Publicité
Publicité
Analyse - 26/01/2023 - #Audi , #Bmw , #Ferrari , #Honda , #Lamborghini , #Maserati , #Porsche , #Fiat

Why MC ?

Par Jean-Philippe Thery

Why MC ?
La MC20 Cielo. Une si belle GT… pourquoi ? (Crédit : Maserati)

Aujourd’hui, je me pose des questions existentielles dans un tram berlinois, à propos d’une belle Italienne en tenue légère au soleil.

Ça fait trois semaines que je navette en tramway.

Les jours ouvrés, j’emprunte la ligne M10, direction Hauptbanhof le matin et retour vers Warschauer Strasse le soir. J’en connais certains qui, me fréquentant depuis le siècle dernier, vont bien se marrer en me visualisant à bord d’un véhicule sur rail opéré par la Berliner Verkehrsbetriebe (la fameuse BVG, Société de Transport Berlinoise). Ceux-là ne manqueront pas de me rappeler ce que je disais alors des transports en commun, quand je me la pétais en Clio S toute neuve au tarif collaborateur : que c’était très bien… mais pour les autres. 

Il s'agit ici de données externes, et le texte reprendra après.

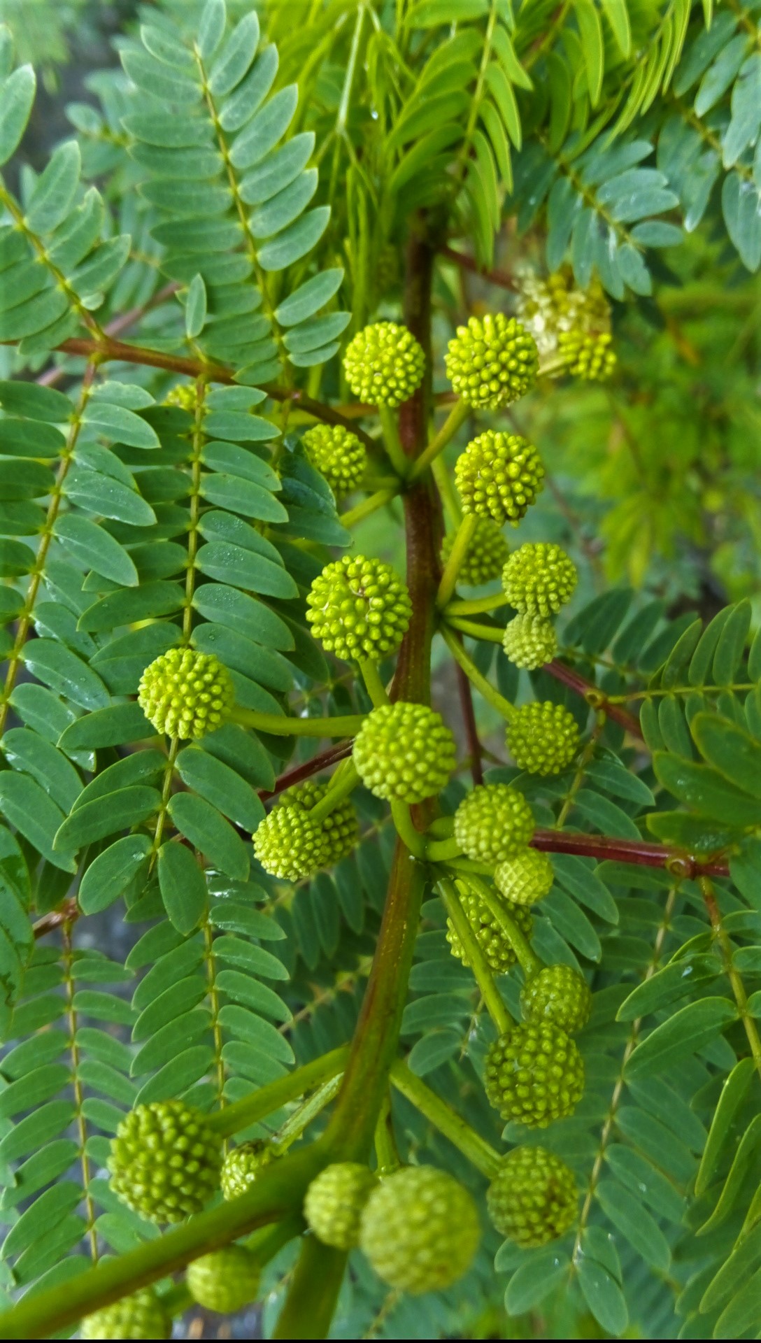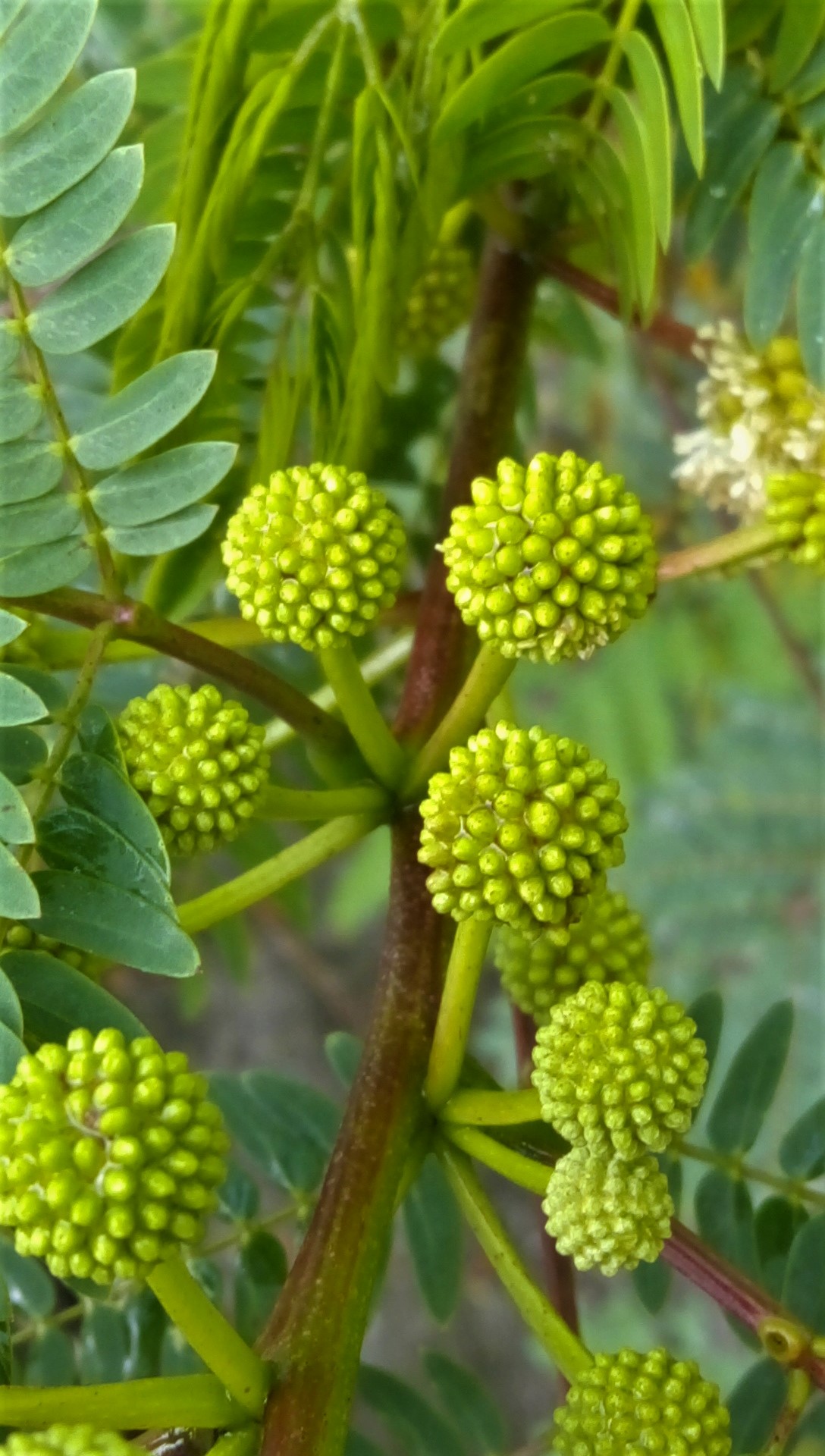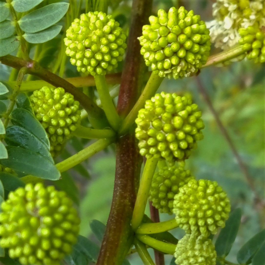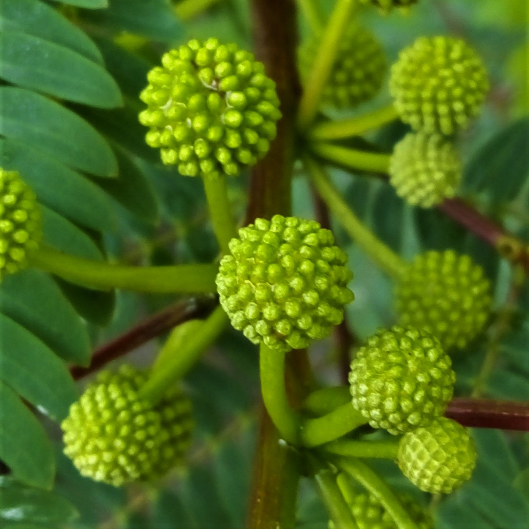 Leucaena Leucocephala is a shrub that is used as food and fodder for livestock. Here I show you the beginning of flowering, its flowers are presented in a type of inflorescence called "Globose Capitulos" because the flowers are grouped forming a spheroid from a single point. Its flowers, which are rather stringy, go from green, white to yellow as they mature.

Pourtant, je dois bien admettre que malgré les 14 stations séparant mon domicile de mon lieu de travail, mon trajet quotidien n’a rien d’un chemin de croix. Après avoir retiré gants et bonnet, ajusté mon masque FFP2 (toujours à la mode par ici) et perché mes lunettes sur le crâne pour éviter la formation de buée sur les bifocales, j’ai en effet tout le loisir de m’installer confortablement en évitant la proximité des portes coulissantes. Et là j’en profite pour lire des revues…automobiles, évidemment. C’est comme ça que la semaine dernière, je me suis évadé à bord d’une Maserati MC20 Cielo en Sicile, quelque part entre la Strassmanstraße, et la Nordbanhof.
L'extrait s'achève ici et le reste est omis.